Monday 2 January 2017

The Mysterious Island


Jules Verne The Mysterious Island (1874)
It seems that appreciation of Jules Verne is somewhat reliant upon which translation you happen to be reading, for there are apparently many. I hated Twenty Thousand Leagues Under the Sea and everyone in it, so hopefully that was one of the ropey versions. Conversely, I enjoyed From the Earth to the Moon well enough, and have generally found this one to be likewise a decent, if slightly insubstantial read. Both turn out to have been translated by Lowell Bair and for the sake of argument, I'm going to pretend this is entirely the work of Jules Verne - as opposed to Verne given particular emphasis by the aforementioned Bair - because it'll get too complicated otherwise.

The Mysterious Island reads more or less like somebody novelised a few issues of Understanding Science, the sixties kids' magazine building up week by week into etc. etc. First we meet our balloonists, all chaps of good progressive stock, plus a plucky hound and an African-American man included presumably as representative of racial equality and the abolitionist cause against slavery - which is nice although Verne doesn't actually seem to give him much to say, so mostly he's just hanging around following orders and sawing up logs or whatever. Oddly, although this novel continues what I presume must have been Verne's fascination with America as a newborn civilisation doing its best to get things right, we still find some influence of the typically nineteenth century notion of class as an inherent quality; so with the African-American Nebuchadnezzar acknowledged as a roughly equal partner, we're apparently left with a gap which is quickly filled by Jupiter the orang-utan, tamed and rendered a loyal servant at least until Verne gets bored of the idea and he vanishes from sight barring a single reference near the end. I mention this only because it struck me as odd.

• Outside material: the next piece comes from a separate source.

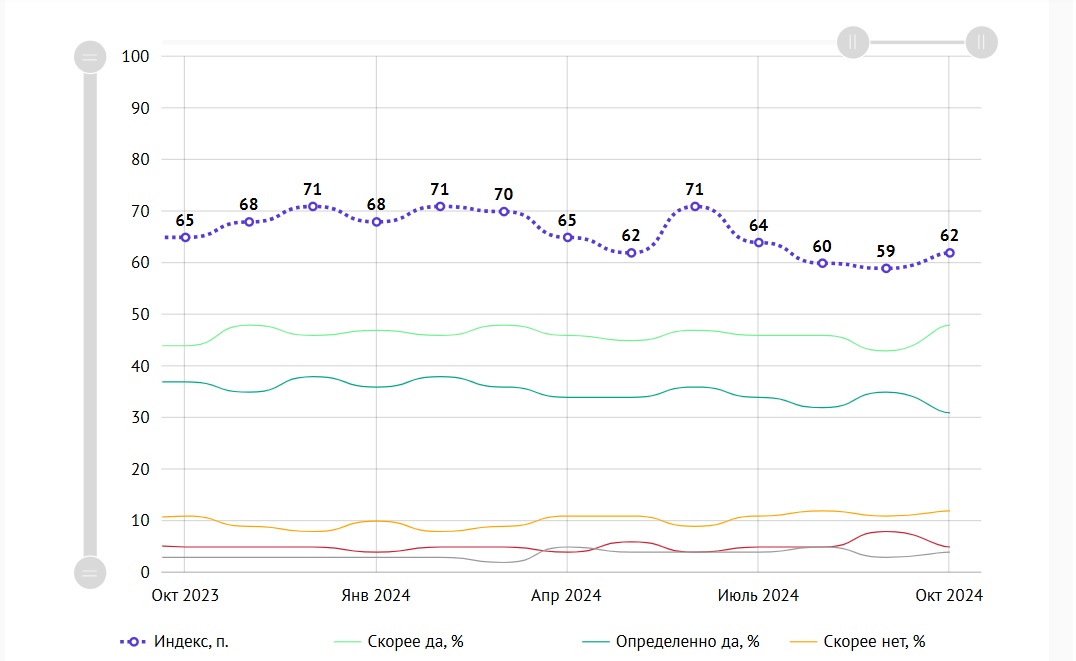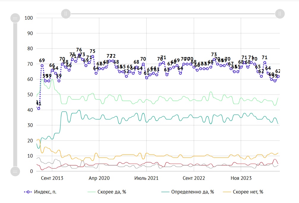 В апреле 2012 года индекс составил 59 пунктов и больше никогда не опускался ниже этой отметки, то есть счастливых россиян всегда было больше, чем несчастливых. Показатель 59 пунктов был также отмечен в апреле 2013 года, ноябре 2014 года и сентябре 2024 года. Самый высокий — 73 пункта — в марте 2023 года.

Our boys find themselves marooned on the island in what might be read as a re-run of Robinson Crusoe, or perhaps even an inversion. Being enlightened men they immediately throw themselves into the task of civilising the wilderness by means of all their scientific knowledge, smelting iron, making tools, even fashioning glass for their fancy cave, and with no time for Crusoe's philosophising or even much thought beyond their present circumstances. Just like the America from which they came, they're building a new world rather than looking to the horizon in hope of getting back to the old one, so there's a lot of talk about how to make rope, drain lakes, the manufacture of wire for telecommunications and so on; and against all odds, it's actually very readable, even engrossing. This I find of particular interest given the poor reputation of what has come to be regarded as Gernsbackian science-fiction, so named after the editor of Amazing Stories who favoured this kind of technologically-fixated narrative, much to the more recent annoyance of Brian Aldiss; and yet it is only a variation on what Verne wrote.

The Mysterious Island is additionally a sequel of sorts to Twenty Thousand Leagues Under the Sea in so much as that it ends with Captain Nemo revealed as the hidden author of certain mysterious occurrences on the island. This conclusion feels a little tagged on given the mysterious occurrences having been mostly underwhelming, but I suppose it keeps the novel from being a couple of hundred pages about the best way to build a boat. There's a possibility that Bair's translation may lose some of the poetry of the original because I otherwise have to wonder why this should be regarded as a classic. This isn't so much a criticism of any failings it may have so much as to acknowledge that it doesn't really do very much as a narrative; but then for something which doesn't do very much, it's nevertheless a highly satisfying read.